Russia’s State Duma has adopted its final amendments to the draft law “On measures aimed at organizing self-government in the Republic of Ingushetia and the Chechen Republic.” According to the document, the local authorities of the two territories will be involved in organizing their self-government until January 1 2010.

The implementation of the law however, will be hampered by unresolved territory disputes between the two republics and is likely to bring about the issue of a unity between Chechnya and Ingushetia that used to be one administrative territory in the former Soviet Union.

Akhmar Zavgayev, one of the initiators of the bill and Duma Deputy from the Chechen Republic told Expert Online that the bill was first introduced to the Duma as early as on September 11 2006. However, it never adopted the law because no clearly defined borderline existed between the two republics. The border dispute even caused an armed conflict in 1992.

Border disputes survive for example in the Sunzhensk district where both Ingush and Chechen administrations have to co-exist somehow. On October 12, the day of election to the Chechen parliament there even was a spontaneous rally in support of a unity between Chechnya and Ingushetia in the Sunzhensk district.

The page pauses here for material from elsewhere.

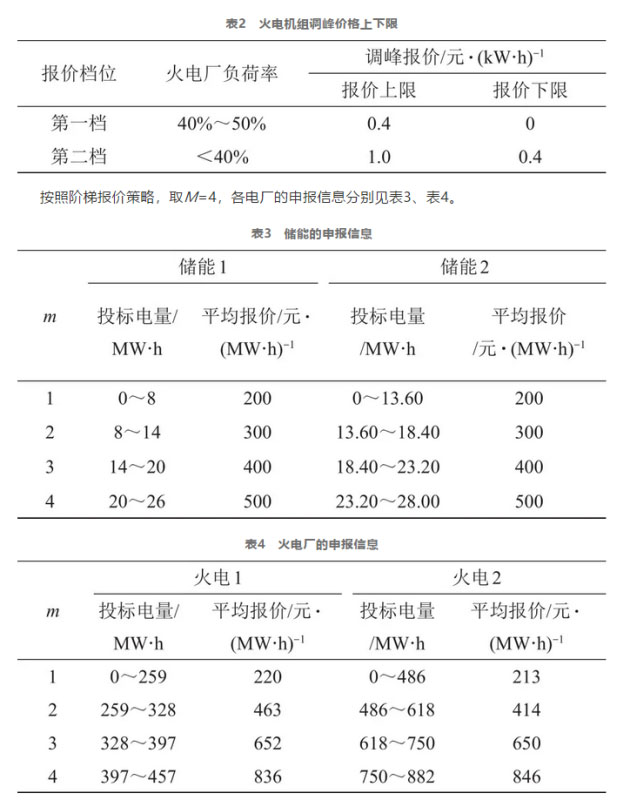 除上文所提的儲能外,另有兩個火電機(jī)組也會參與調(diào)峰交易。市場初期儲能申報價格區(qū)間為0.2~0.5元/(kW·h)?;痣娖髽I(yè)在不同的調(diào)峰檔位,報價上下限見表2。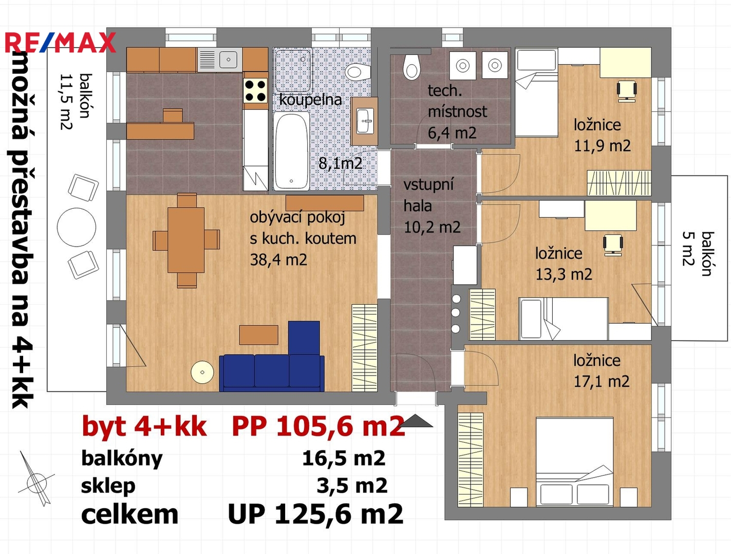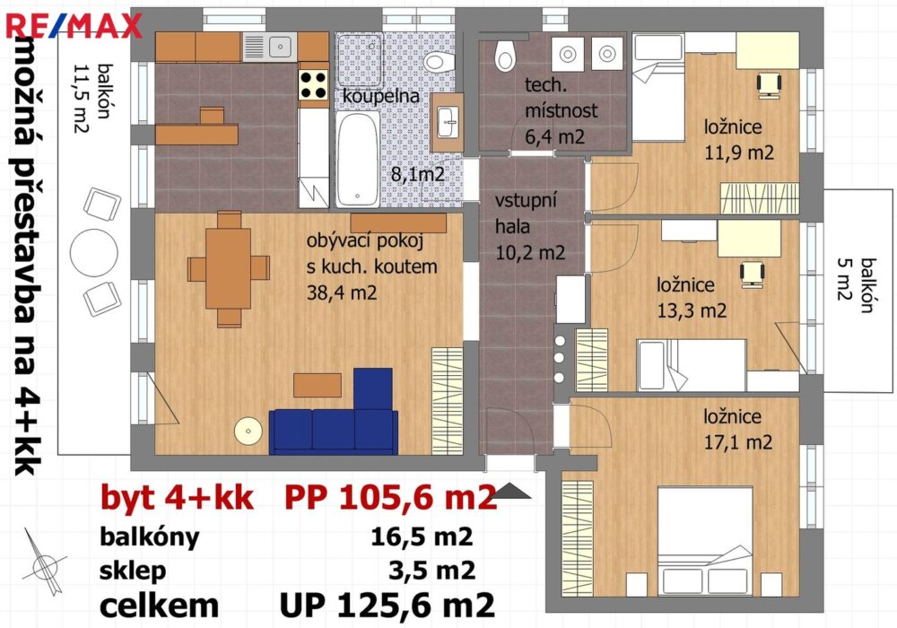 Současnou dispozici bytu 3+kk lze, v případě potřeby, snadno přestavět na praktickou dispozici 4 + kk, pouze vybudováním jedné příčky a přidáním dveří do větší ložnice (viz přiložené půdorysy bytu)

The discussion on the unity may easily resume if triggered by the adoption of amendments to the draft law.

It is worth mentioning that on the eve of the Duma hearings, Chechen president Ramzan Kadyrov condemned the idea of a possible unification between Chechnya and Ingushetia. Kadyrov called the idea “ill-timed” and added that the Chechen Republic was “undergoing intense restoration of its social and economic spheres” and it did not need “any additional social, political, and economic strain.”

The Russian presidential administration has declared that it conducts no discussions or consultations about uniting the two republics at present.